Las Vegas casino chips 1960s style are intriguing to collectors
- Published: Nov 28, 2014, 4 AM

While you can find gambling casinos in just about every state and every Indian “reservation” now, time was that Nevada was all there was for legal gambling and Las Vegas was its capital.
The city’s strip had glitz, light bulbs and Vegas Vic, an animated neon sign of a waving cowboy.

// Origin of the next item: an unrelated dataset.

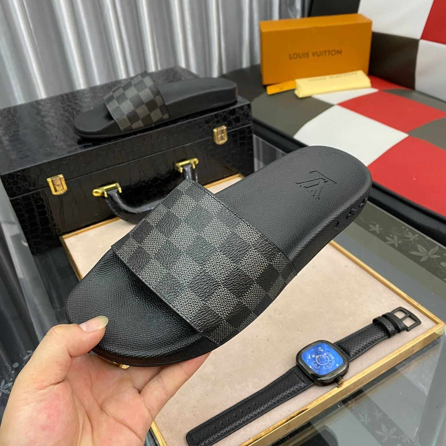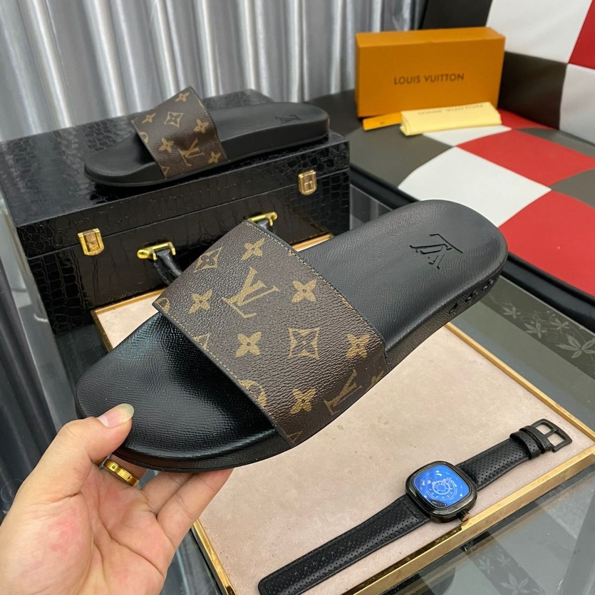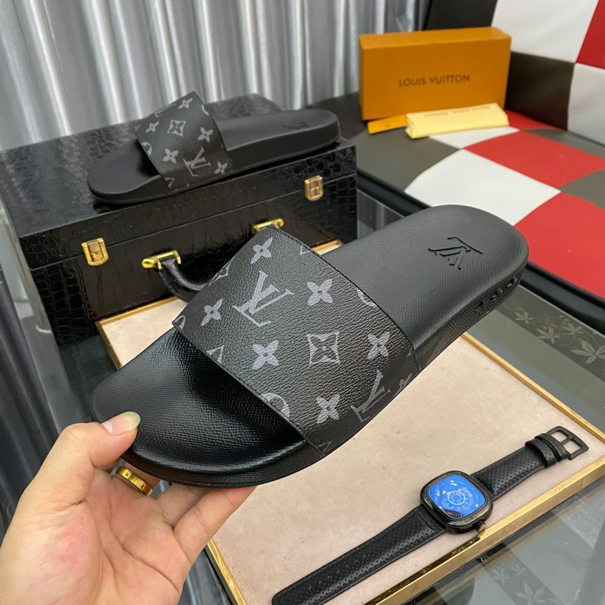 This shoes is AAAAA 1:1 quality (superb). Materials used are identical to the original ones. Louis Vuitton trademark marks are indistinguishable to the authentic. Photos take by actual shoes, what you receive will be 100% same with our photos.

Legendary casinos like the Sands, Desert Inn, Last Frontier and Flamingo drew convention-going otherwise straight-laced businessmen and high rollers from the coasts.
The Rat Pack featuring those kings of cool, Frank Sinatra, Dean Martin, Sammy Davis Jr., Joey Bishop and Peter Lawford, was born at the Sands in 1960 when the five performed together at the hotel’s famous Copa room while in town to film Oceans 11.
About the same time, three winning betters took $5 casino chips home as souvenirs. While those $5 chips had the buying power of about $40 in current money, they’re worth $25,000 and more to collectors today.
Casino chip collecting is one of the hottest spots in exonumia, with prize disks fetching outsize prices.
Sands chips, because of their history, coolness and rarity, top the price guides. The most expensive chip, a $100 Sands token, fetched $145,000 several years ago.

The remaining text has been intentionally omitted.